Would you copy exactly the lines in the data below from the one that has "1月19日,臺州日報在在03" through the one that has "This factory screw", dropping any pictures?
▬▬▬
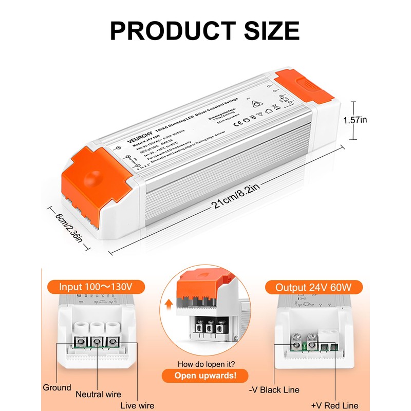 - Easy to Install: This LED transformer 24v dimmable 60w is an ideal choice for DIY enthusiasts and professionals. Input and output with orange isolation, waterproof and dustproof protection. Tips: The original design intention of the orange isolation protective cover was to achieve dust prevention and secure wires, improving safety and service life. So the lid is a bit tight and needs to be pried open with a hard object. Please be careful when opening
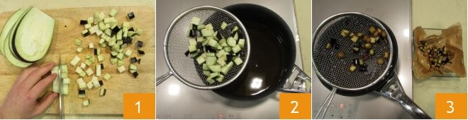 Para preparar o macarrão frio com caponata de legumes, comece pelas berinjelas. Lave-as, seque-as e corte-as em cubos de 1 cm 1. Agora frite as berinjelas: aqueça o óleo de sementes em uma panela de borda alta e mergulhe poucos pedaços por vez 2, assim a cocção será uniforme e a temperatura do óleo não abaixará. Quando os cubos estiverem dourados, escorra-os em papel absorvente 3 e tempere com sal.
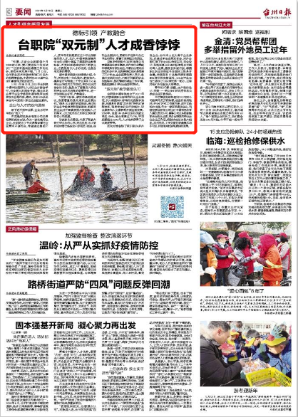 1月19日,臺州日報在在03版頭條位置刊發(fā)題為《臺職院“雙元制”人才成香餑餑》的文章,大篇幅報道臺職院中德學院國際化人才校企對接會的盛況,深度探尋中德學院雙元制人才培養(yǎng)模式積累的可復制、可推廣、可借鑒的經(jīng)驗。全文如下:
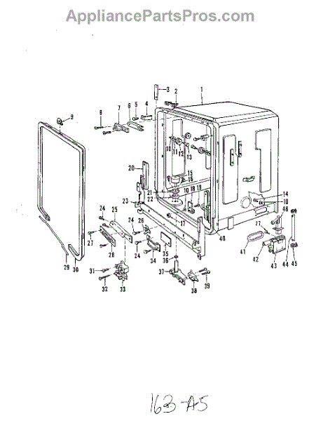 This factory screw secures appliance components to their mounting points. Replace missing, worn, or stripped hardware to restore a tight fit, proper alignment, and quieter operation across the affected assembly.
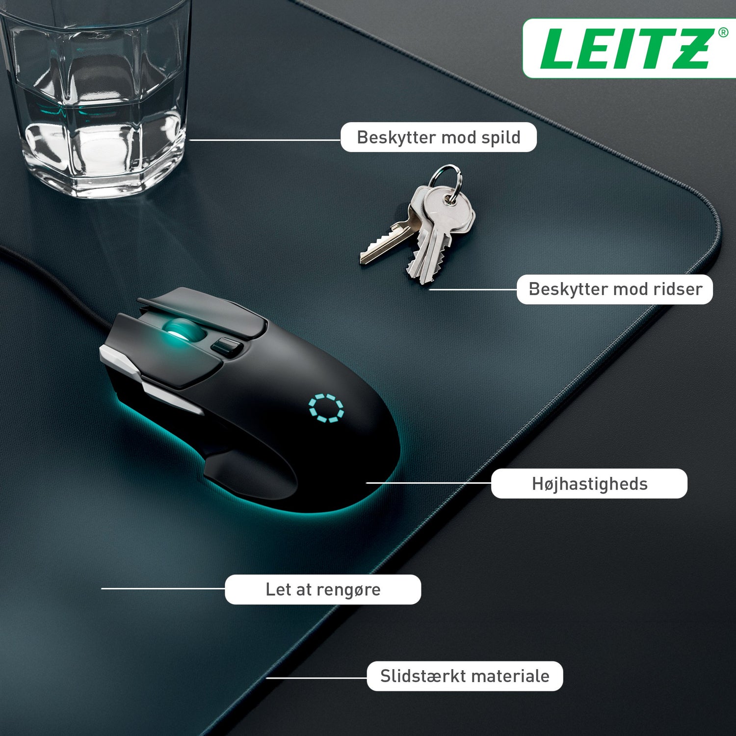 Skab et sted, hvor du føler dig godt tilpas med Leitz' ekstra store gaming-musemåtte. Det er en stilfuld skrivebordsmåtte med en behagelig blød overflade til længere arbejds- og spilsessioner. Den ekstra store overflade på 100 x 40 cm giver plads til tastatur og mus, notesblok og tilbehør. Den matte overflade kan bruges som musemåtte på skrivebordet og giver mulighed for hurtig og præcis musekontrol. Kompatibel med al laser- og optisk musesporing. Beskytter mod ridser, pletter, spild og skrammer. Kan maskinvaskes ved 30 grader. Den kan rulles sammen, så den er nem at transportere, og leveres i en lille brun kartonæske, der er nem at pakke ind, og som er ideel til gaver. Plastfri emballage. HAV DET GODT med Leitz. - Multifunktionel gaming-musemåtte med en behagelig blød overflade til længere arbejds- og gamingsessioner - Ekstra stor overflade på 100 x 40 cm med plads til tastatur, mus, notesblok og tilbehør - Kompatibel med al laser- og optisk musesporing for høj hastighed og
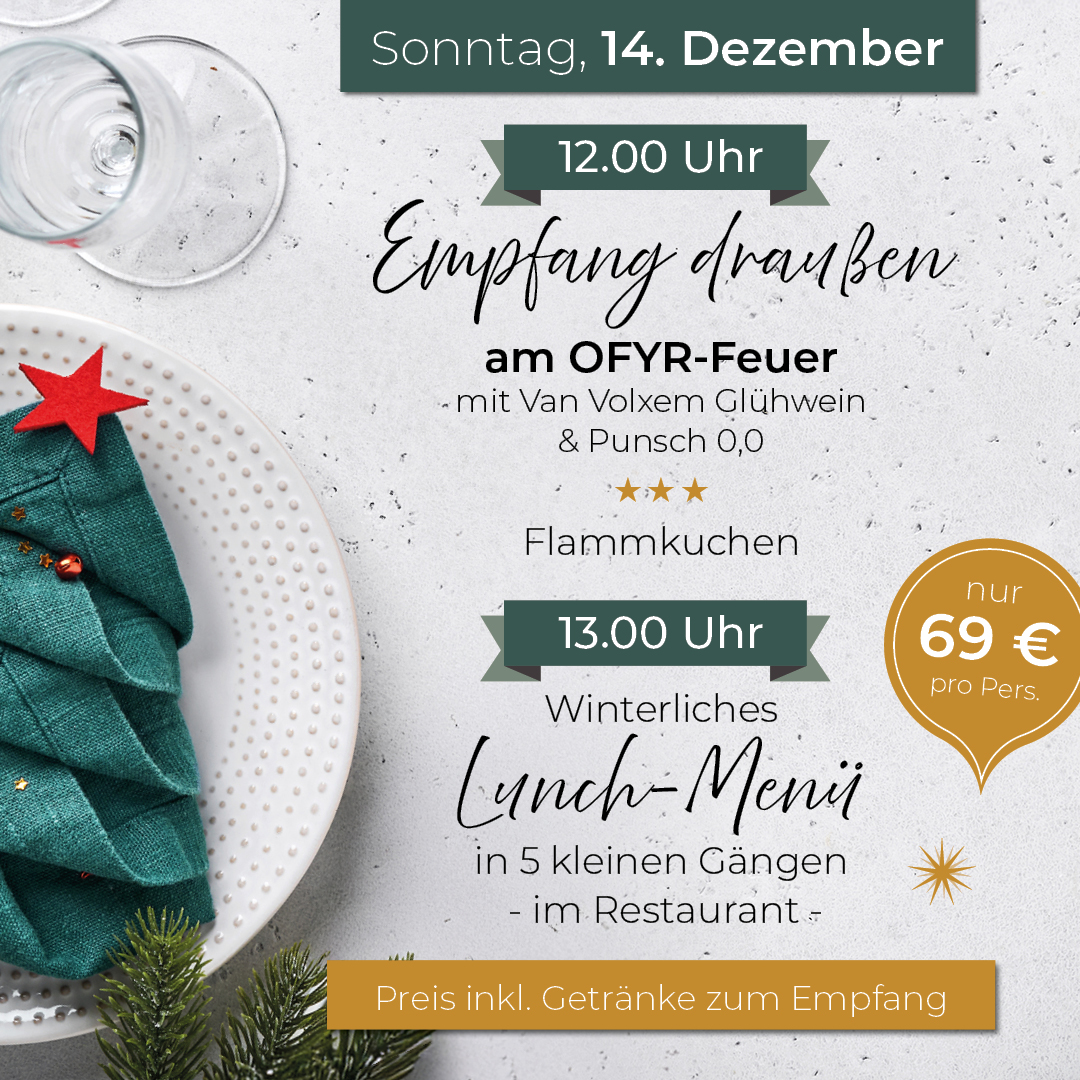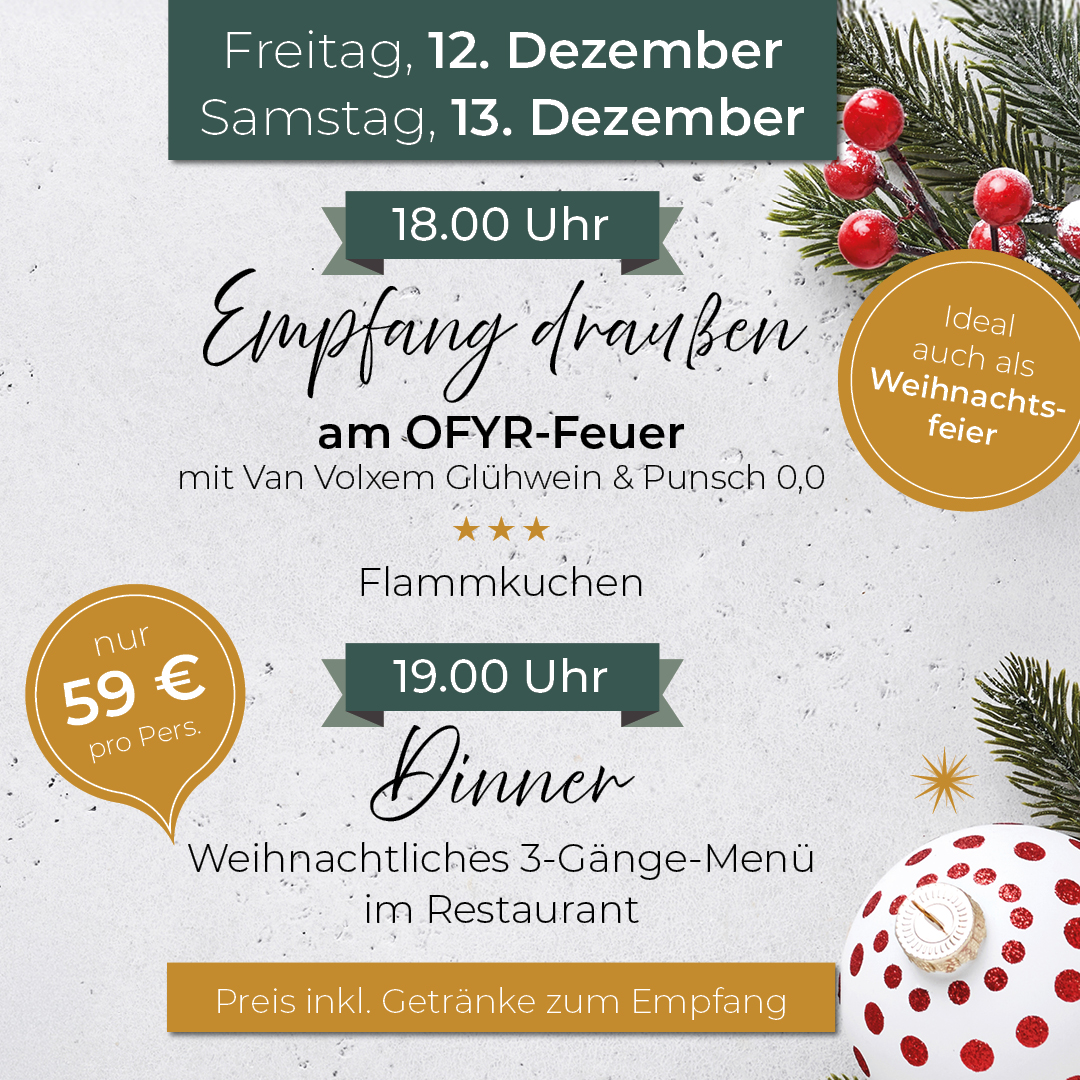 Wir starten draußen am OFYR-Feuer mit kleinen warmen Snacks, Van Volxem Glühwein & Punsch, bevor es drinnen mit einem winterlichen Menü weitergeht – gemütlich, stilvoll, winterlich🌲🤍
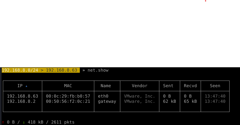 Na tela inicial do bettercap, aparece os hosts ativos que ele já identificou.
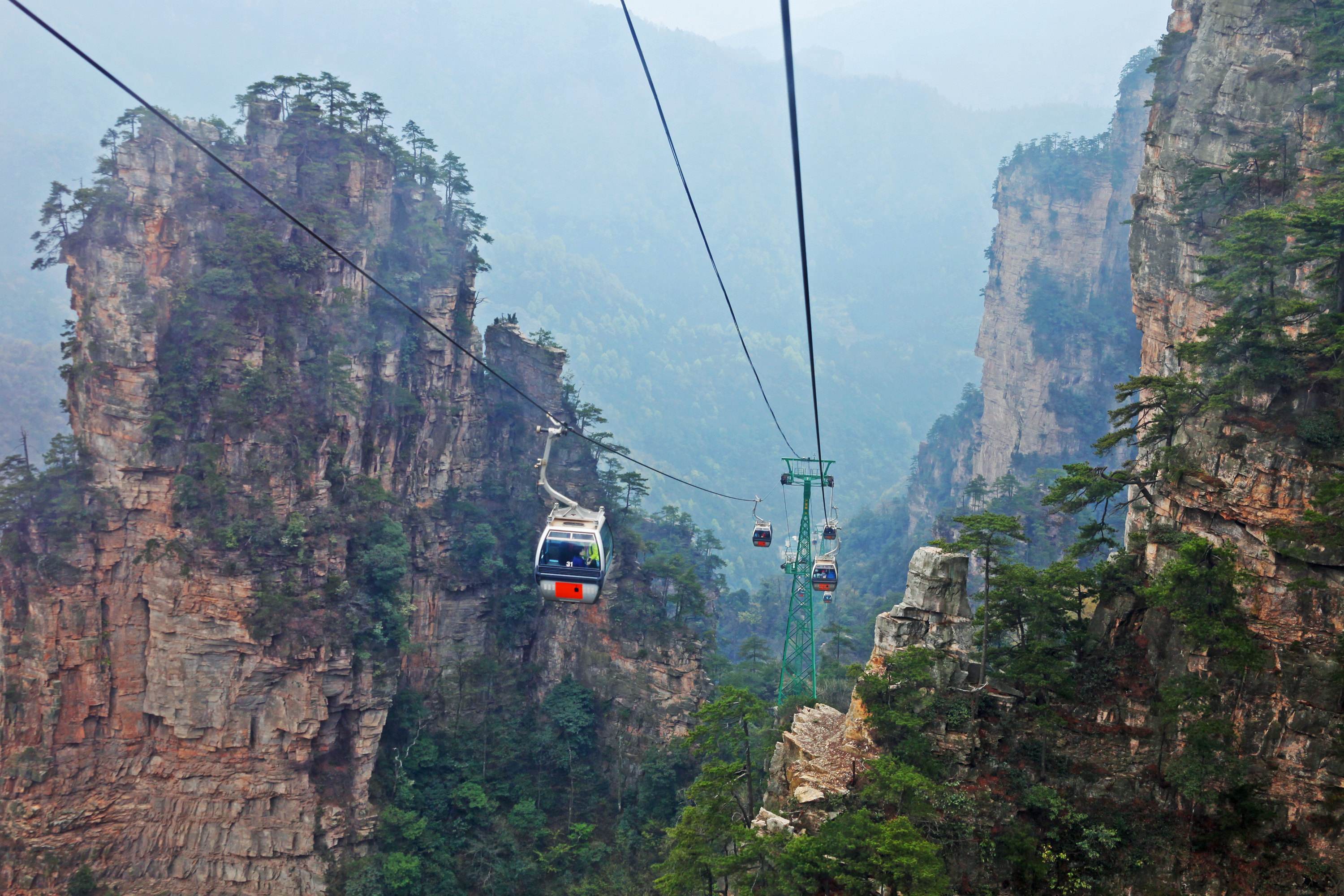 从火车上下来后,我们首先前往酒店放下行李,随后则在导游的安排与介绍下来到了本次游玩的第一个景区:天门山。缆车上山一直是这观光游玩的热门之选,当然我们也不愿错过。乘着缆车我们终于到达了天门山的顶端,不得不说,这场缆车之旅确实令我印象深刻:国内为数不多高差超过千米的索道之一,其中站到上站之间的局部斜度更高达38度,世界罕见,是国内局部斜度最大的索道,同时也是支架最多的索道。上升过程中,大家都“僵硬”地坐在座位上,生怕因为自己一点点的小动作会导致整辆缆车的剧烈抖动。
▬▬▬
Response =
 1月19日,臺州日報在在03版頭條位置刊發(fā)題為《臺職院“雙元制”人才成香餑餑》的文章,大篇幅報道臺職院中德學院國際化人才校企對接會的盛況,深度探尋中德學院雙元制人才培養(yǎng)模式積累的可復制、可推廣、可借鑒的經(jīng)驗。全文如下:
 This factory screw secures appliance components to their mounting points. Replace missing, worn, or stripped hardware to restore a tight fit, proper alignment, and quieter operation across the affected assembly.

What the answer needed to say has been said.